Location: Georgia native in McKinney, TX
7,386 posts, read 10,066,687 times
Reputation: 5913
Quote:
Originally Posted by Katiana View Post
Just where is Borington anyway? Is it near Pittsburgh? They're the ones always complaining about the western/southern cities, without any factual reason for doing so. In point of fact, Colorado voters approved an amendment to the Colorado constitution in 1974 that seriously hampered Denver's annexations. The western boundary of Denver (Sheridan Boulevard) hasn't changed in >100 years. (There is a tiny amount of land in Denver proper west of Sheridan.)

I'm not familiar with the annexation laws of the other western states, but maybe you could provide some actual examples of this.
This is my take... and painting with a very broad brush here.

Cities that have massive city limits tend to be in states with large counties in area. Huge counties (land wise of course) don't have as much going on in regards to municipal services. If an area needs municipal services in many states, it must be provided by an incorporated municipality, so when growth comes to an area, it either incorporates into a city or is annexed into an existing city.
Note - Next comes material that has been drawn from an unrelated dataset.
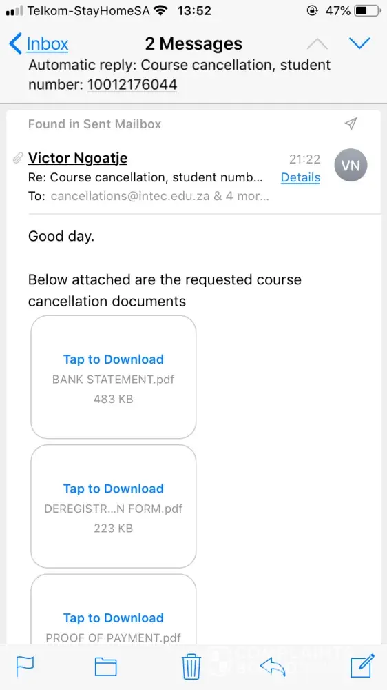 I've registered with intec in 2019 and then COVID 19 happened and then I was required to write exams in other provinces of which I also had to pay extra R 250 for access and when I checked the timetable the main module wasn't on the timetable and when I sent an e-mail regarding the issue I wasn't given any feedback till today so I filed for course cancellation in 2020 but I was never given a feedback but I get monthly fee statement but my cancellation is never processed and when I call them they just put me on hold or tell me they'll get back to me as they didn't receive any documents from me of which they don't and I've sent all the required documentation but still my matter is not taken into consideration.
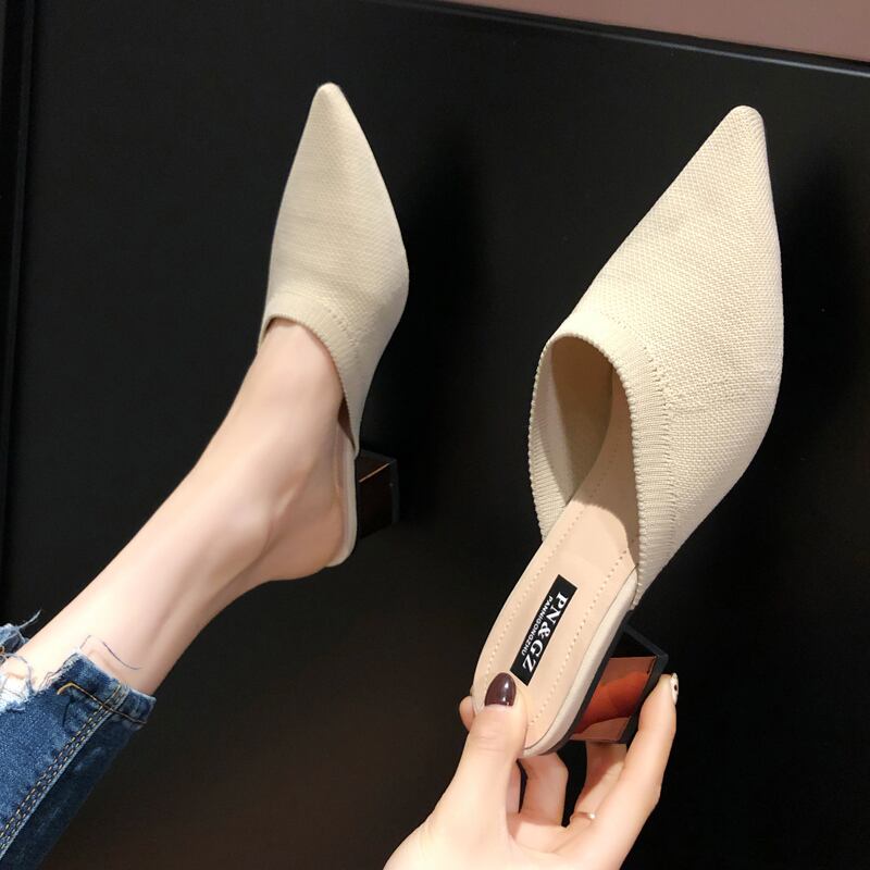 セミスリッパ女性が新しいファッション野生の先のとがった先の尖った防水platm女性ハイヒールレトロ厚いヒールシングルシューズ女性を着用します。 部族の婦人靴9683983

Many eastern states have counties that are smaller and provide municipal services so it is not necessary to be in a city proper (either central city or suburb) to have basic city services. Suburban areas of Atlanta and DC (in both Virginia and Maryland) are prime examples of this.

This isn't just an east/west thing, but I would say your older eastern states with more numerous counties and counties that are more active in providing municipal service fit this category than what you find west of the Mississippi. The primary exception in the east are areas where cities and counties have consolidated: Jacksonville, Virginia Beach, Indianapolis, Nashville....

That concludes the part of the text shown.